**Exercise prompt:** Pick every line with "Mills" from the material below.

**Data extract:**
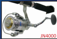
Graphite body 8+1 Ball Bearings Aluminium Spool
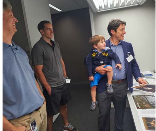
Pre-press meeting at National Geographic headquarters, Washington DC.
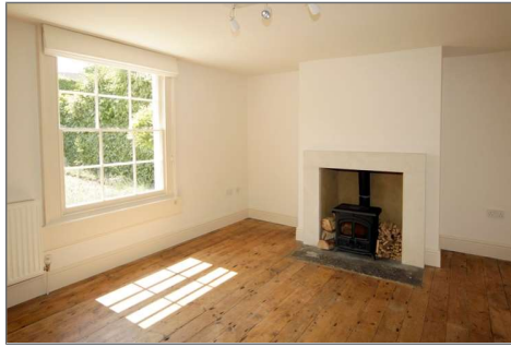
049 living room
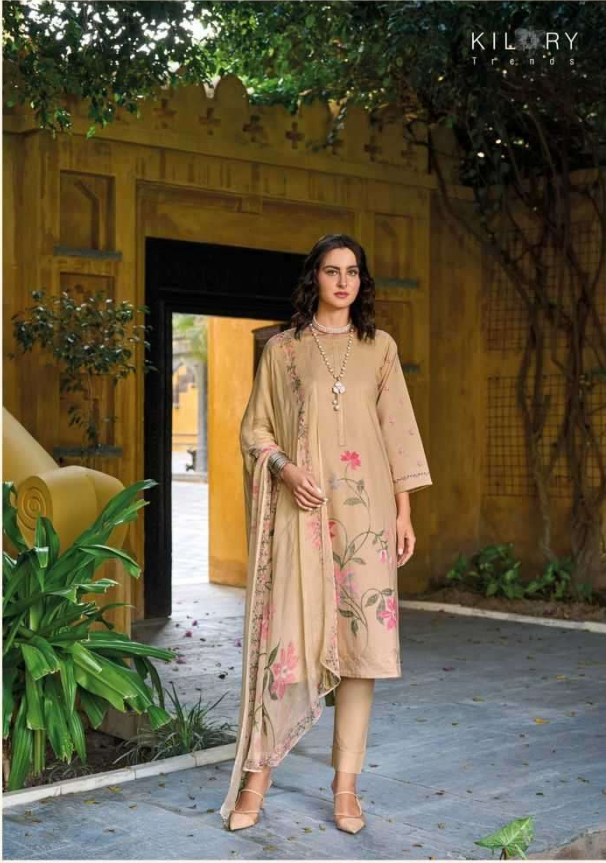
Playing dress-up begins at age five and never truly ends //////////////////////////////////////////////////////////////////// 991
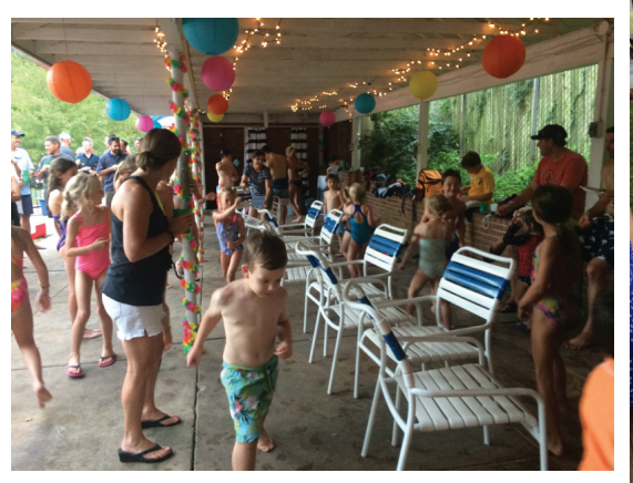
Musical chairs is always a favorite.

The 2016 Wiltondale Annual Party at the pool was once again a success. Thank you to everyone who helped out to make this a great party!
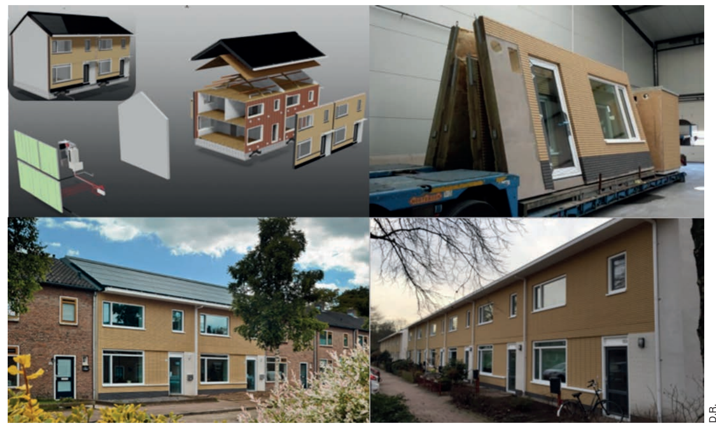
The building blocks of the technical solution for row houses as used in one of the early models. The Energiesprong philosophy does not only apply to external wall insulation. It is about developing industrialized solutions with an energy performance guarantee that are quick to install. This could also include (partial) internal insulation solutions.

the prospect of substantial demand and suitable supply becomes apparent, a wider range of finance providers will be able to evaluate this new proposition to offer tailored financial products and governments will be able to create the an enabling regulatory environment.
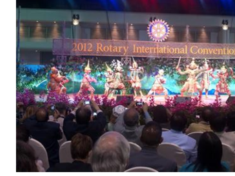
Rotarians singing , dancing and felloshiping
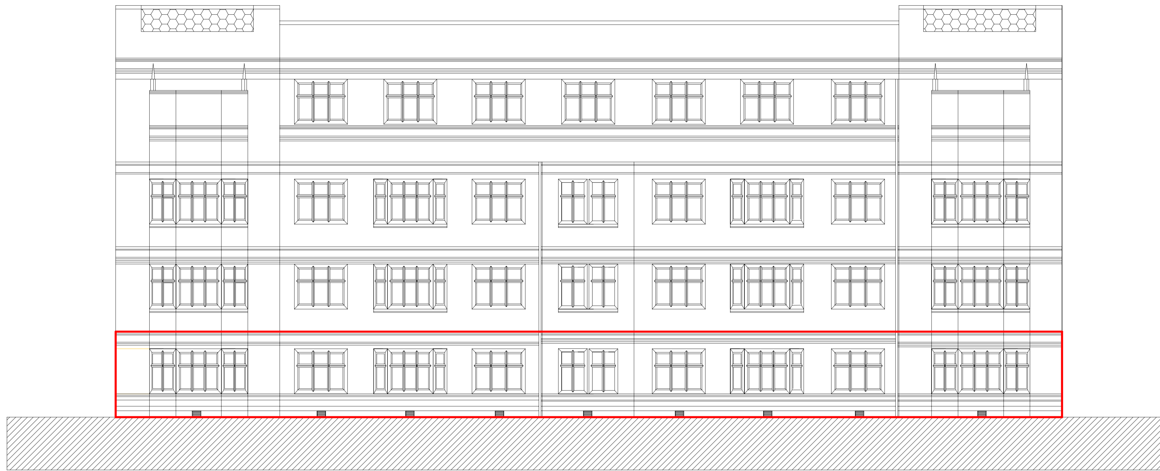
2 | Proposed South Elevation
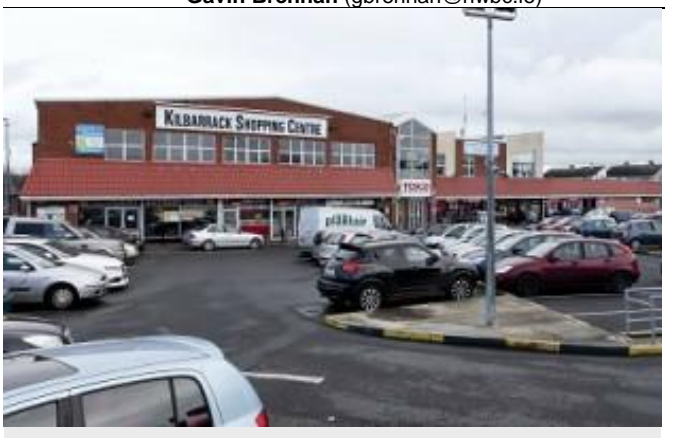
Kilbarrack Shopping Centre, Kilbarrack, Dublin 5

Contact Kieran Curtin (kcurtin@hwbc.ie) Gavin Brennan (gbrennan@hwbc.ie)
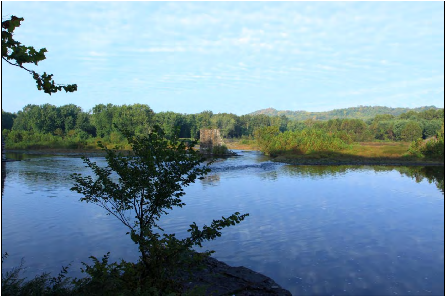
FIGURE 4-3, EXISTING: KARAMAC TRAIL
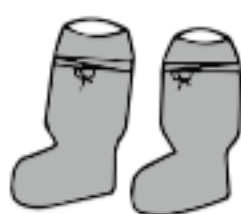
Boot covers with tie tops
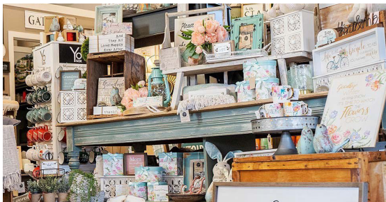
Dragonfly Landscape Supply Inc.

We are a vintage-inspired gift shop that specializes in one-of-a-kind treasures, fashion accessories, antiques, and local handmade goods. Visit our shop at Wincey Mills downtown Paris.
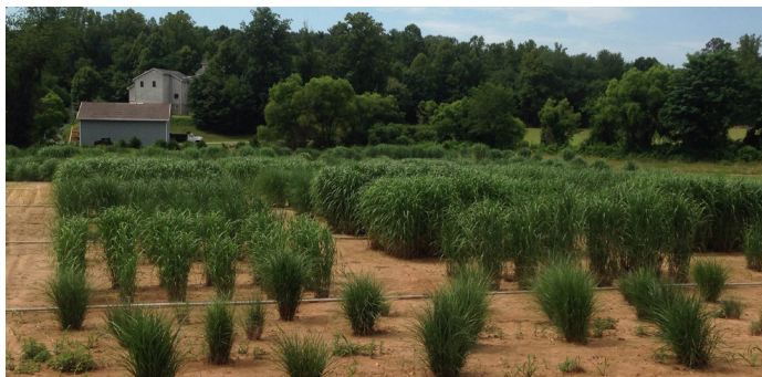
Various research plots of energy grasses at the Mountain Horticultural Crops Research and Extension Center, Mills River, NC.

CONCLUSION. There are many biomass feedstocks choices available to produce electricity, heat, and transportation fuels. They are usually categorized as woody or non-woody biomass and are derived from a variety of sources. Woody biomass feedstocks can be collected from logging residues, urban and industrial residues, forest thinnings and short-rotation woody crops. Non-woody biomass feedstocks can originate from animal wastes, landfill gas, bioenergy crops, and agricultural and manufacturing residues. Most biomass feedstocks are delivered as a processed densified material in the form of chips, briquettes, bales, or pellets. The public and private sectors are constantly working on increasing efficiencies throughout the supply chain as well as improving bioenergy crop species to allow for biomass feedstocks to be more cost competitive with other energy sources such as fossil fuels.

**Written response:**
We are a vintage-inspired gift shop that specializes in one-of-a-kind treasures, fashion accessories, antiques, and local handmade goods. Visit our shop at Wincey Mills downtown Paris.
Various research plots of energy grasses at the Mountain Horticultural Crops Research and Extension Center, Mills River, NC.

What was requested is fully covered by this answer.